[Provided information Boundary: Start]
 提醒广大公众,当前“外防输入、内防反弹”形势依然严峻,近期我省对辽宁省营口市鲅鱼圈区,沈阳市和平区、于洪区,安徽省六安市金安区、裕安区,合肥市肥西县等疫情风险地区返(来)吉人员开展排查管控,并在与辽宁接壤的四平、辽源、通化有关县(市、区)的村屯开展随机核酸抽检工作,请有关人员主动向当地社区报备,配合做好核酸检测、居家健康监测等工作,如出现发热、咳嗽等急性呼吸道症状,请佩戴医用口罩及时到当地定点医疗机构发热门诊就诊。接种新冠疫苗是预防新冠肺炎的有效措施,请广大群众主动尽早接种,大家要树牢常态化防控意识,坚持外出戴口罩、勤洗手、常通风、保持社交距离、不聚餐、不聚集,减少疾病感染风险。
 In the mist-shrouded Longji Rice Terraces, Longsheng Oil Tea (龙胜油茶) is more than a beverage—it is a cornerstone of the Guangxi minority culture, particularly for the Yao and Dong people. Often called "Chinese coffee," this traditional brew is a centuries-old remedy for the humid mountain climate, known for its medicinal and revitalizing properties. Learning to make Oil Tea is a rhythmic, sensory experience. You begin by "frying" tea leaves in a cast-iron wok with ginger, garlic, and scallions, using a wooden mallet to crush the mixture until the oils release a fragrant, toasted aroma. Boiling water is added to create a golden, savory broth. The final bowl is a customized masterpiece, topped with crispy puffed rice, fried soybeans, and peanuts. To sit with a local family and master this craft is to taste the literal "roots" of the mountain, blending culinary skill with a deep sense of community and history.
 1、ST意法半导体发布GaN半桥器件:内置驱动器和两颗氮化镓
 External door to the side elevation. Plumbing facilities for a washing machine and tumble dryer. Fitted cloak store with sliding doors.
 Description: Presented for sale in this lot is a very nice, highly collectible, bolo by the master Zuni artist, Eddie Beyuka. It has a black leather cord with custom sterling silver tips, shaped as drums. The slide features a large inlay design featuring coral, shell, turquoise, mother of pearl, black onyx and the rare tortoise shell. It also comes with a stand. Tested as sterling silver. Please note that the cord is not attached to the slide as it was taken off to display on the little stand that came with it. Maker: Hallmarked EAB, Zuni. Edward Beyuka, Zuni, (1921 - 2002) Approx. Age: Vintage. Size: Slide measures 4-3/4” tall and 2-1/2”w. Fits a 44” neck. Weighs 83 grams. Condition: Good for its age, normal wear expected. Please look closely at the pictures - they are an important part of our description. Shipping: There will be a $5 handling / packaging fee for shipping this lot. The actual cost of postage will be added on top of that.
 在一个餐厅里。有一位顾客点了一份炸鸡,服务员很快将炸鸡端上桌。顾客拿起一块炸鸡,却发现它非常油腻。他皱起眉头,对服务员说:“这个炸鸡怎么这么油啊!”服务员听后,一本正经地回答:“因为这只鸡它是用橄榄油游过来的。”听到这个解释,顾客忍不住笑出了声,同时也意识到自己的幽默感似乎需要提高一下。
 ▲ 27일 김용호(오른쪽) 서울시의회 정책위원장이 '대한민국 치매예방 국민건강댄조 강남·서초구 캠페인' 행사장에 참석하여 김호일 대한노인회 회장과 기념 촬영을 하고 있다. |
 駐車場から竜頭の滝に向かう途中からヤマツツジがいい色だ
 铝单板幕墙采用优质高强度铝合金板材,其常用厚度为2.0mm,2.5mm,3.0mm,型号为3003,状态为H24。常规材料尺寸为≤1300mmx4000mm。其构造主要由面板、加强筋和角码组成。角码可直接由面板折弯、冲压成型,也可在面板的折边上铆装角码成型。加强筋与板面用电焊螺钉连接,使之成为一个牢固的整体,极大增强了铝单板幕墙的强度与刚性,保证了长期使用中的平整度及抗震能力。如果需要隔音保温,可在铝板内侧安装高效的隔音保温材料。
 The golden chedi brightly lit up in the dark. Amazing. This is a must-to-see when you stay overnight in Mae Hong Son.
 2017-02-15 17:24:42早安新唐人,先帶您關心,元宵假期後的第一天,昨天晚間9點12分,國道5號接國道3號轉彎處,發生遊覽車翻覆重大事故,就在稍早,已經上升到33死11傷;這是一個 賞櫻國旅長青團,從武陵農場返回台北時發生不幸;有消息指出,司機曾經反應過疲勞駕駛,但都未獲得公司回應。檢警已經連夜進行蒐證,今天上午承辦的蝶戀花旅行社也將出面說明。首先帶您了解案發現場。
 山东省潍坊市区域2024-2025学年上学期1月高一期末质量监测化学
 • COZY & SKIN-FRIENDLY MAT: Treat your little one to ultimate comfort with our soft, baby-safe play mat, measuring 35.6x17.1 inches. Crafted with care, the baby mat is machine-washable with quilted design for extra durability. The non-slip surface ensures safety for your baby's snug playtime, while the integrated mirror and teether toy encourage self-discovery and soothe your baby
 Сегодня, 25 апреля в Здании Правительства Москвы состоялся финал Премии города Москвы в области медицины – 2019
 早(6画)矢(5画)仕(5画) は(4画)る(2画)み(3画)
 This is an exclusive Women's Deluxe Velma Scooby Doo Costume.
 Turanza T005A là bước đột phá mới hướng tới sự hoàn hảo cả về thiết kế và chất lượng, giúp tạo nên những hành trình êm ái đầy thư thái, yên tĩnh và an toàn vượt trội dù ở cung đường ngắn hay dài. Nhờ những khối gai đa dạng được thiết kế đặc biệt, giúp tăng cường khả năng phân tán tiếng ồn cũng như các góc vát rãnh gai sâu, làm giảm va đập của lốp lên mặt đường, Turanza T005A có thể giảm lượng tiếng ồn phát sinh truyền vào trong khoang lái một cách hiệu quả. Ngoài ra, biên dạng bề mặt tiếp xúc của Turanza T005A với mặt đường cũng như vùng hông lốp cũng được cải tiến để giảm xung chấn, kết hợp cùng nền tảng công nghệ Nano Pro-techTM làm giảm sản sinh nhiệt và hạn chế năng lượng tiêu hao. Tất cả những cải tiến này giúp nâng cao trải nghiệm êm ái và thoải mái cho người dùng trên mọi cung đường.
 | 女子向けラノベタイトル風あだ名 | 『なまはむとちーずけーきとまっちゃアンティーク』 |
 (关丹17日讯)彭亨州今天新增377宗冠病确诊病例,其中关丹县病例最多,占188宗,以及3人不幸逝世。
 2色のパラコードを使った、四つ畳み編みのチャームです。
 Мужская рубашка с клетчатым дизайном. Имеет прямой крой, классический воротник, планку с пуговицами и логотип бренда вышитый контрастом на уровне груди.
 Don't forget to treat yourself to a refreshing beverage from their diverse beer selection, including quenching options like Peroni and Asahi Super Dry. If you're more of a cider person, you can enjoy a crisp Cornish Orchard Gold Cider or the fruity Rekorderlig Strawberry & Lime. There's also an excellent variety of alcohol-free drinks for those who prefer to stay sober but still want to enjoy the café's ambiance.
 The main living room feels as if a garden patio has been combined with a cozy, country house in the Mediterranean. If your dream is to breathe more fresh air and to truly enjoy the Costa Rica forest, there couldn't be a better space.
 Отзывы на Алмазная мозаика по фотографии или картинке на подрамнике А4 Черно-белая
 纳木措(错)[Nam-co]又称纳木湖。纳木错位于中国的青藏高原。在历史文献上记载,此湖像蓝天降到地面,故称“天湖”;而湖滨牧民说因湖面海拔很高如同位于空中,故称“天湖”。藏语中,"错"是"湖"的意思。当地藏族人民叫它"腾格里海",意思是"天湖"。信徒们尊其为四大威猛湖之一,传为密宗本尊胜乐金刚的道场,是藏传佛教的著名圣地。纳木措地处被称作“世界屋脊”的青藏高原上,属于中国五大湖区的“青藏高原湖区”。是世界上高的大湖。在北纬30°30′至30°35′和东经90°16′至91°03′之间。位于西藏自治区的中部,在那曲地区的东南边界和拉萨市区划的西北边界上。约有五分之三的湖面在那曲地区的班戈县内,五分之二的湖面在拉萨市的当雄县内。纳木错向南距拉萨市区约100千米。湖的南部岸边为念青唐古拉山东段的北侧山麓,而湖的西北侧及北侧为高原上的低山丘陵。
[Provided information Boundary: End]
Work request: Make a list of all lines in the data that contain "design".

Solution to the problem:
 Description: Presented for sale in this lot is a very nice, highly collectible, bolo by the master Zuni artist, Eddie Beyuka. It has a black leather cord with custom sterling silver tips, shaped as drums. The slide features a large inlay design featuring coral, shell, turquoise, mother of pearl, black onyx and the rare tortoise shell. It also comes with a stand. Tested as sterling silver. Please note that the cord is not attached to the slide as it was taken off to display on the little stand that came with it. Maker: Hallmarked EAB, Zuni. Edward Beyuka, Zuni, (1921 - 2002) Approx. Age: Vintage. Size: Slide measures 4-3/4” tall and 2-1/2”w. Fits a 44” neck. Weighs 83 grams. Condition: Good for its age, normal wear expected. Please look closely at the pictures - they are an important part of our description. Shipping: There will be a $5 handling / packaging fee for shipping this lot. The actual cost of postage will be added on top of that.
 • COZY & SKIN-FRIENDLY MAT: Treat your little one to ultimate comfort with our soft, baby-safe play mat, measuring 35.6x17.1 inches. Crafted with care, the baby mat is machine-washable with quilted design for extra durability. The non-slip surface ensures safety for your baby's snug playtime, while the integrated mirror and teether toy encourage self-discovery and soothe your baby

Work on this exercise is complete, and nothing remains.